Saturday, August 28, 2010
Don't do it if it makes sense!
Yep, it happened again. One more time I found myself in the middle of a conversation that made my head spin and my brain hurt. At the same time, it got me to thinking. . .
The comment that was made was this; "I can't do poly, I get jealous too easy. Instead I'll just cheat."
At first glance that statement was more than a little disturbing to me. And as you might have guessed, or even do yourself, I mentally put that person immediately into the "Do Not Touch!" category. At the same time I like to be open to new ideas and dislike judging people without at least understanding their perspective or reasoning so I tried to take a balanced look at the statement and underlying concept.
With poly you do still have jealousy, I can't argue with that. Some people are better than others at controlling it or dealing with it but most still have it. The behavior taught to most of us throughout life is that physical sharing of the person you love is wrong. Physical fidelity implies love and commitment. The result is that the idea of sharing your love with another person can create feelings of jealousy.
But jealousy, in my opinion, is supported by other behavior. Most obvious is that whatever is happening isn't talked about. It is a secret. It is that unknown that often makes jealousy much worse than what actually took place.
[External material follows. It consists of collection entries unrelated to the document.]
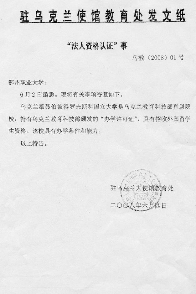 中国湖北鄂州职业大学与乌克兰第聂伯彼德罗夫斯克大学联合办学是经湖北省教育厅正式批准的、颁发中乌两国双文凭的高等教育联合办学项目(鄂教外〔2008〕17号)。该项目旨在通过引进乌克兰高等教育的优质资源,与中国优秀高等教育资源相结合,在中国本土上培养学贯中西的国际性复合型人才,以提高我国人才在经济全球化趋势下的竞争优势。
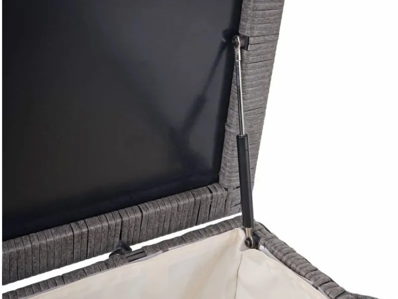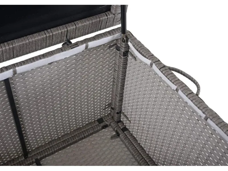 – Materialzusammensetzung: Geflecht: Poly-Rattan, Gestell: Pulverbeschichteter Stahl, Einlage im Deckel: PVC (Polychlorid)
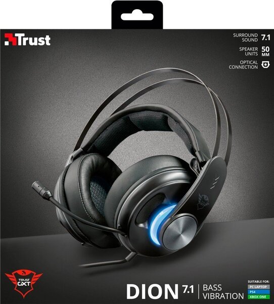 С виртуальным 7.1-канальным объемным звуком вы ощутите игру на новом уровне. Мощные 50-миллиметровые активные басовые вибрационные динамики создают глубокий, интенсивный атмосферный звук. В сочетании с исключительным качеством звука гарнитура Trust Dion выведет ваш игровой опыт на новый уровень.
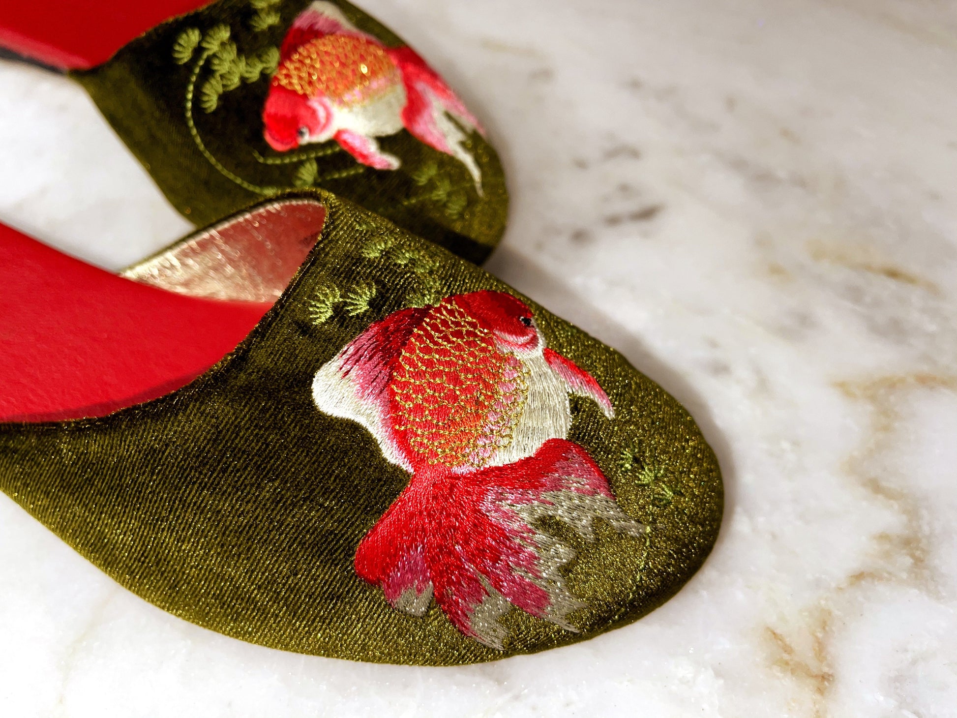 It is exotic whilst playful design with embroidery of Goldfish adding your look as eclectic as you want to be. Trust me, you will never look boring! Almond toe with padded soles for adding comfort. They are crafted from butter-soft leather lining and insole. Outsole is leather in soft brushed handfeel. Narrow fit with low heel for extra elegance. You can pair with your favorite jeans for a stroll on Sunday farmer's market, or make yourself comfy with our mules for a perfect flight outfit and just as charming for a special night out.
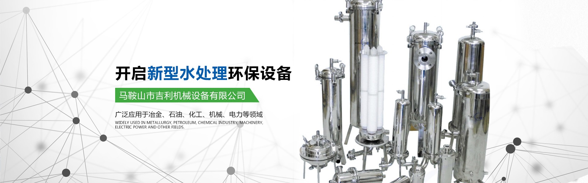 馬鞍山市吉利機械設備有限公司位于江南名城一馬鞍山市,交通十分便利。公司具有獨立法人資格,是集水處理設備的研發、設計、生產、銷售為一體的專業型企業。公司的主要產品有高中速過濾器、纖維球過濾器、新型除油過濾器、無閥過濾器、加藥裝置、管道全自動過濾器、淺層砂過濾器、攪拌機、沙水分離器、管道靜態混合器、化水設備、反滲透等膜處理設備、空氣過濾器等。公司所研發的產品有占地少、處理效果好、投資省、操作管理方便的優點,受到客戶的一致好評。
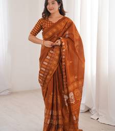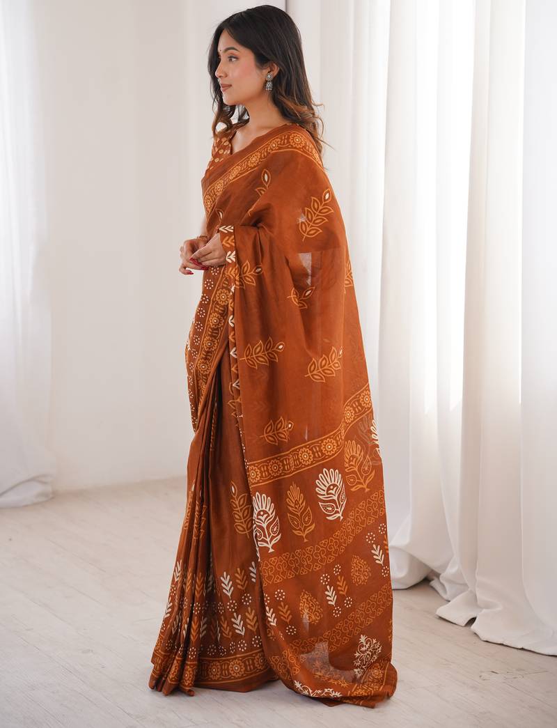 Mustard blocked printed, floral print soft pure cotton saree with blouse.
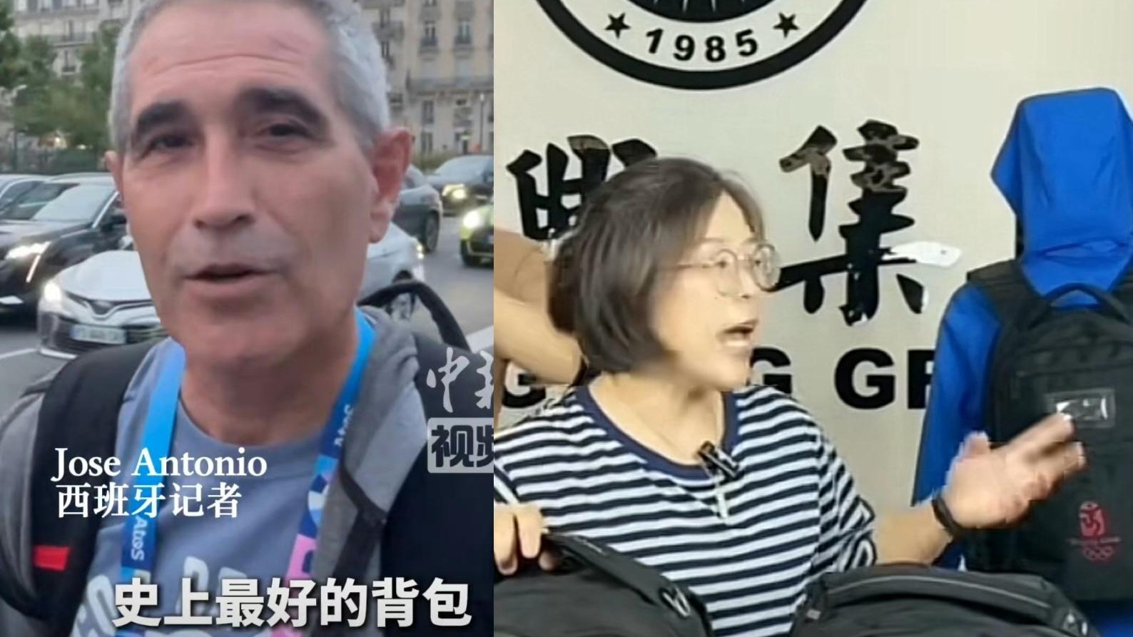 ; h( k! ]3 [; l2 A據此前報道,7月24日,一位西班牙記者背著2008年北京奧運會的背包出現在巴黎,他表示使用這個背包已有16年,並稱「這是史上最好的背包。」
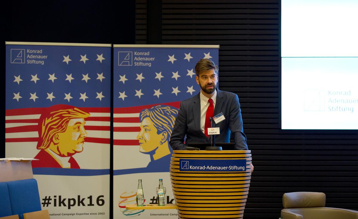 Scott Goodstein, CEO von Revolution Messaging, erläuterte im Workshop vor der eigentlichen Konferenz, wie eine erfolgreiche Wählerbindung im Wahlkampf gelingen kann. Der Firmenchef leitete 2008 als externer Online Direktor die Kampagne „Obama for America“ und begleitete zuletzt die Bernie-Sanders-Kampagne. Der Schlüssel für einen gelingenden Wahlkampf sei die Persönlichkeit des Kandidaten in den Fokus zu rücken. „Die Wähler sollen sich fühlen als seien sie Teil der Kampagne“, so Goodstein. Sanders Authentizität und Glaubwürdigkeit waren der Erfolgsgarant ihrer Kampagne. „Die Menschen wollen keine Strategie-Papiere auf der Kandidaten-homepage lesen, sondern die Person sehen“, erklärte Goodstein. So wurde die Onlineseite von Bernie Sanders so gestaltet, dass auf der Startseite statt einer umfangreichen Navigationsstruktur und einzelnen Textbausteinen, nur ein großes Foto von Bernie Sanders zu sehen war mit einem Link zum Newsletter und einer weiteren, dezenten Verlinkung hin zu den Wahlkampfspenden. Die Authentizität und Geradlinigkeit, die Sanders habe, sei bei Trump nicht zu erkennen. Er stütze sich auf einen wachsenden Populismus in den USA. Doch Goodstein geht davon aus, dass die Beliebtheit ab einem bestimmten Punkt in eine Art Peinlichkeit umschlagen werde. Mittlerweile würden einige Republikaner bereits Trump den Rücken kehren, so Goodstein.
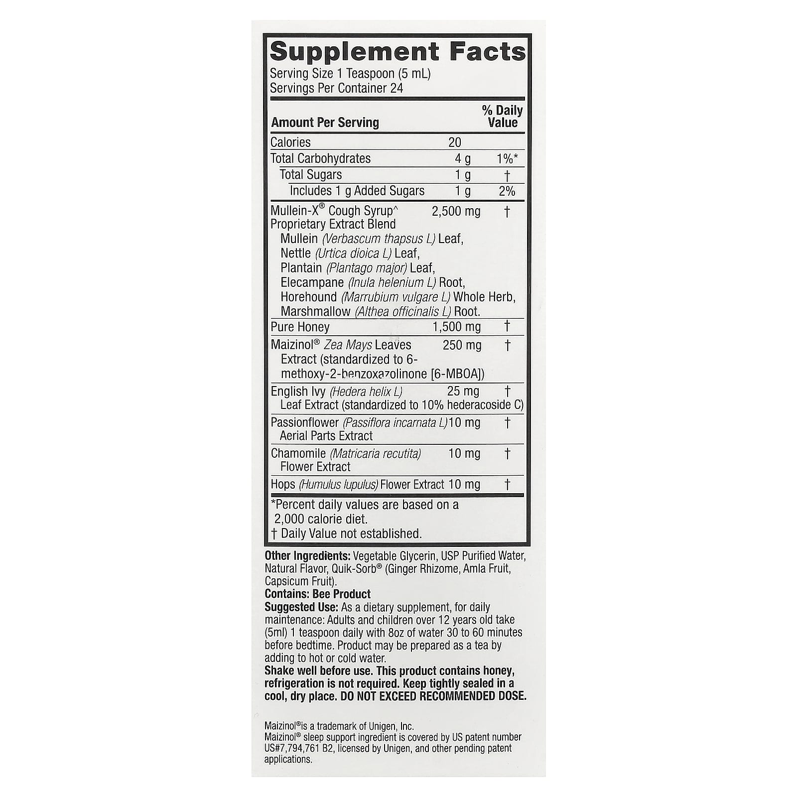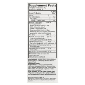 O Xarope para Tosse Multivitamínico PM^ de Mullein-X® da Nature’s Answer é uma mistura natural de ingredientes à base de ervas formulados e desenvolvidos para ajudar a limpar o muco, aliviar a irritação na garganta e promover a saúde do trato respiratório superior. Nossa fórmula noturna contém Maizinol®, um suplemento natural sem melatonina derivado de milho não OGM, clinicamente comprovado para aumentar o estágio restaurador do sono.
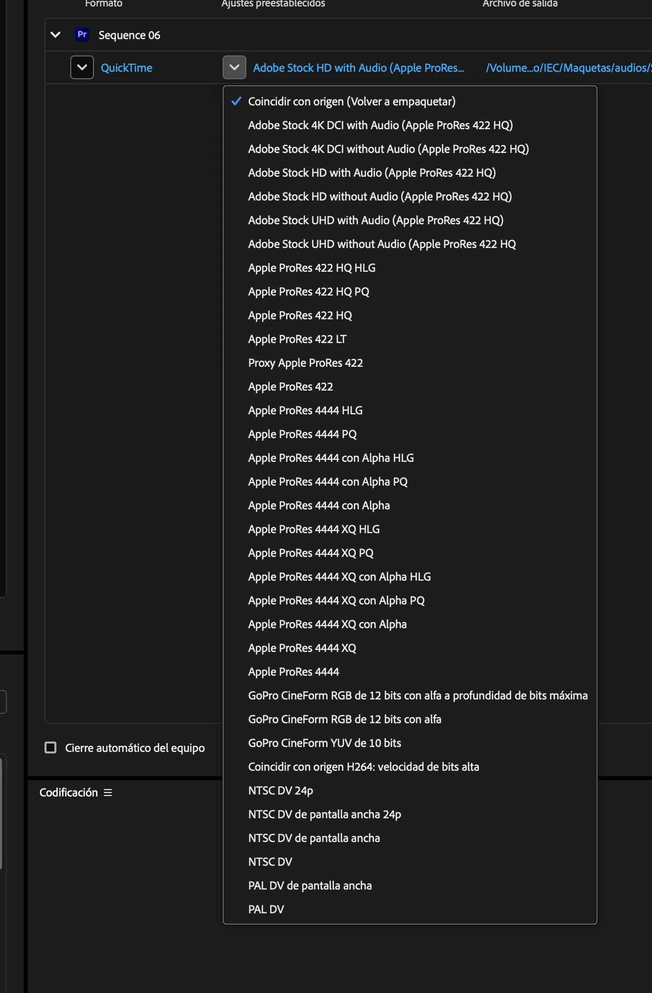 i need export a video with this codec but its not in te list of codecs for export in Premiere, someone can help me please?
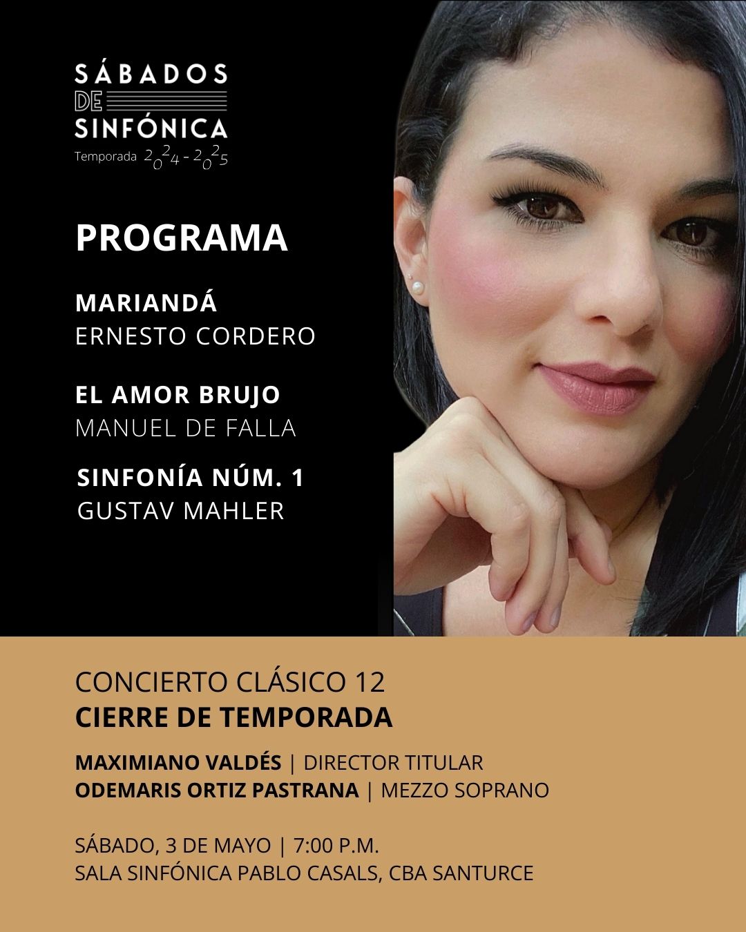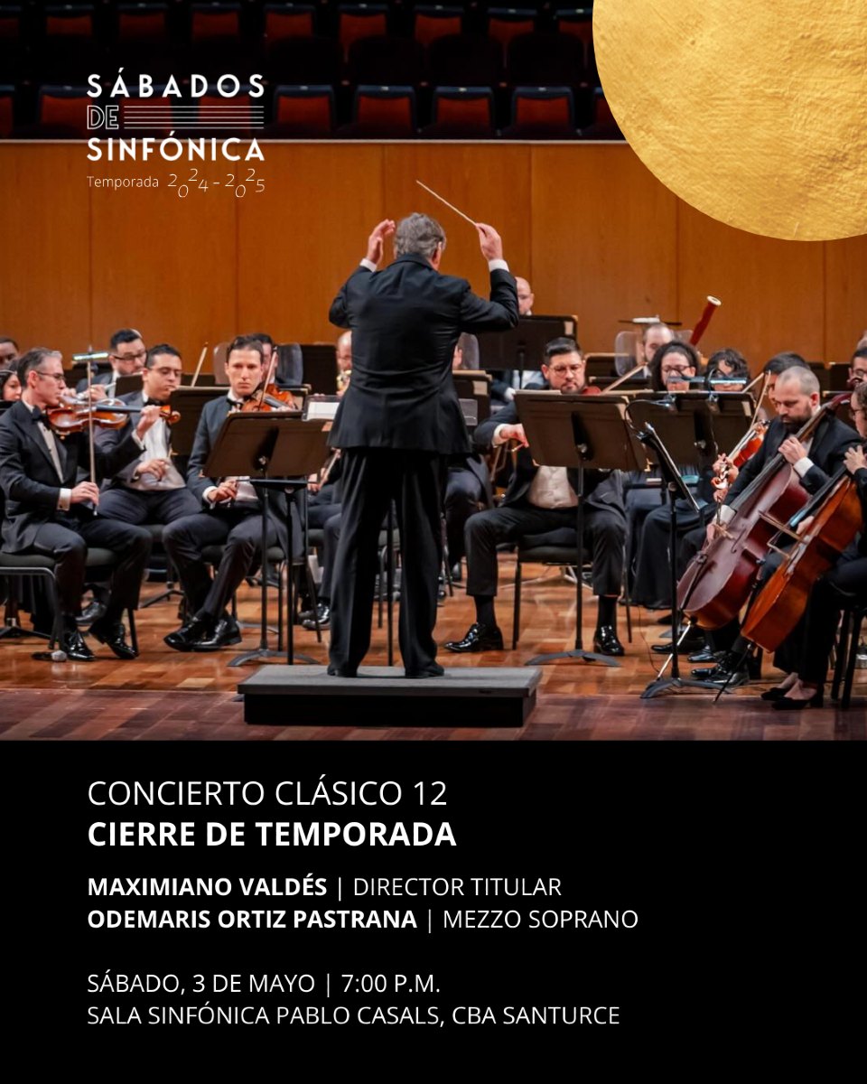 La Orquesta Sinfónica de Puerto Rico (OSPR) anunció la presentación del Concierto Clásico 12, el evento que marcará el cierre de su temporada de conciertos clásicos. Este concierto se llevará a cabo el hoy sábado, 3 de mayo, a las 7:00 pm, en la prestigiosa Sala Sinfónica Pablo Casals del Centro de Bellas Artes de Santurce (CBA), bajo la magistral dirección del maestro Maximiano Valdés, director titular de la OSPR. La mezzosoprano puertorriqueña Odemaris Ortiz Pastrana será la solista invitada.
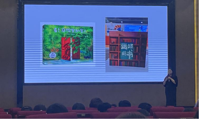 讲座于14:00至16:00在ky开元集团官网花都图书馆414报告厅举行,吸引了视觉传达设计专业师生的广泛关注与积极参与,其中实验班的同学们也格外专注地聆听与学习。刘佩佩女士从视觉语言的构建到叙事节奏的把控深入浅出地讲解,探索图画如何赋予故事情感张力与表现深度。她结合自身实践,分享绘本创作的设计动机、流程等经验,内容丰富且案例生动。
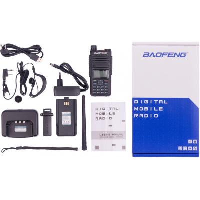 Рация Baofeng может работать как в диапазоне частот 400-470 МГц так и 136-174 МГц.<ul><li>Емкость аккумулятора: 2200 мА*ч</li><li>Частота приёма и передачи: 136-174 МГц / 400-470 МГц</li><li>Частота FM приёма радио: 65.0 МГц-108.0 МГц</li><li>Режимы модуляции: FM (аналоговый), DMR (цифровой)</li><li>Возможность работы с рациями Motorolla и некоторыми другими DMR цифровыми рациями</li><li>Возможность работы с цифровыми ретрансляторами (стандарт DMS Tier 2)</li><li>Групповой вызов собеседников, индивидуальный вызов, общий вызов всех абонентов, отправка СМС сообщений</li><li>Цифровое шифрование голоса AMBE+2</li><li>Независимая работа двух каналов: А / В</li><li>Шаг частотной сетки: 2.5/5/10/12.5/20/25/50 КГц</li><li>Одна клавиша PTT</li><li>Выбор режима: узкополосный или широкополосный (25 КГц / 12.5 КГц)</li><li>Отображение на дисплее канального или частотного режима</li><li>50 групп CTСSS / 104 группы DSC кодов</li><li>Поддержка DTMF (тоновые сигналы)</li><li>2-х частотный дисплей</li><li>Режим экономии энергии аккумулятора</li><li>Высокий / Низкий уровень мощности</li><li>Звуковой сигнал при нажатии кнопок</li><li>Тоновая посылка для работы через репитор 1750 Гц</li><li>Сканирование каналов</li><li>Возможность общения с обычными канальными станциями LPD диапазона</li><li>Подсветка ЖК дисплея и клавиатуры</li><li>Блокировка клавиатуры</li><li>Программирование с ПК</li><li>FM-радиоприемник (65-108 МГц)</li><li>Тип разъема антенны: SMA Female</li><li>Диапазон рабочих температур: -20 ~ +60 °C</li><li>Пыле и влагозащищённость по стандарту IP54</li><li>Радиус действия: до 16 км (в зависимости от местности и условий использования)</li></ul>
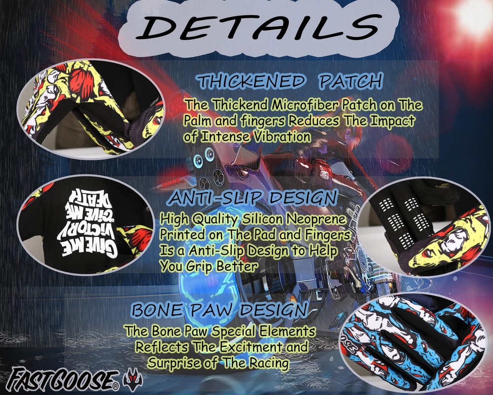 FASTGOOSE Gloves are tough built for a long term use,It will bring you a new perception, Ideal for ATV UTV motocross motorbike dirt bike,Suitable for multipurpose usage, outdoor sport,bicycling, motorcycling, climbing,Hunting etc 【Breathable & Comfortable 】The motorcycle gloves is made of the polyester,microfiber as well as the breathable hole on the fingers and palm. which can increase airflow circulation throughout your fingers so they don’t get sweaty. Also the cuff is stretchy,making the gloves fit your hands. 【Excellent Grip - Non-slip】Non-slip microfiber is used on the palm and all over the fingers. It increases the grip on motorcycle handlebars to improve driving safety. 【Screen Touch Friendly】The index finger and thumb of the gloves is equipped with the microfiber material,which is with the screen touch function. You can use your phone or adjust the navigator easily and don't need to take off gloves. 【ALL-PURPOSE】Ideal for BMX ATV MTB riding, road racing, cycling, shooting training, air pistol, powersports, motocross, climbing, skating, mountaineering, dirt bike,and many other fields. 【Measurement】Please refer to the sizing guide in pictures for optimal sizing.

But there are other things that can cause jealousy to grow such as lack of support or visible behavior by a partner.
In trying to wrap my head around the concept of cheating to avoid jealousy all I kept seeing were red flags and comparisons that raised even more red flags;
With poly and jealousy things are, hopefully, out in the open and you can work on the problems whereas with cheating you deal with your own guilt and should you get caught the relationship will likely explode as unfixable.
Jealousy mainly causes one person pain, maybe two. Not to diminish that but with cheating a whole lot of people could potentially be hurt.
Jealousy may or may not be a concern to other parts of the relationship whereas cheating is a good indication there are other rules or expectations that are possibly not being followed as well.
With all of that said, I have known couples in the past with a "Don't ask, don't tell" policy. Basically they know their partner is having other relationships, they just don't talk about it. I'm not sure how that would help you avoid jealousy. For me the unknown is almost always worse than the known. What it does do though is lead me to a bit better understanding of what the person mentioned was trying to say. Essentially what they don't know won't hurt them. At that point cheating, assuming you don't get caught, will avoid jealousy. Both having it and having to deal with it from a partner.
In a twisted way it makes a bit of sense to me now. If jealousy is the absolute worst problem you can imagine in a relationship then avoiding it at any cost makes some sense. Though I don't agree with cheating and would avoid becoming involved with someone who is cheating, I at least understand it a bit better now.
Where are you at with cheating? I know, most people despise it completely and I pretty much feel the same way. But, are there situations where cheating would actually be a better option?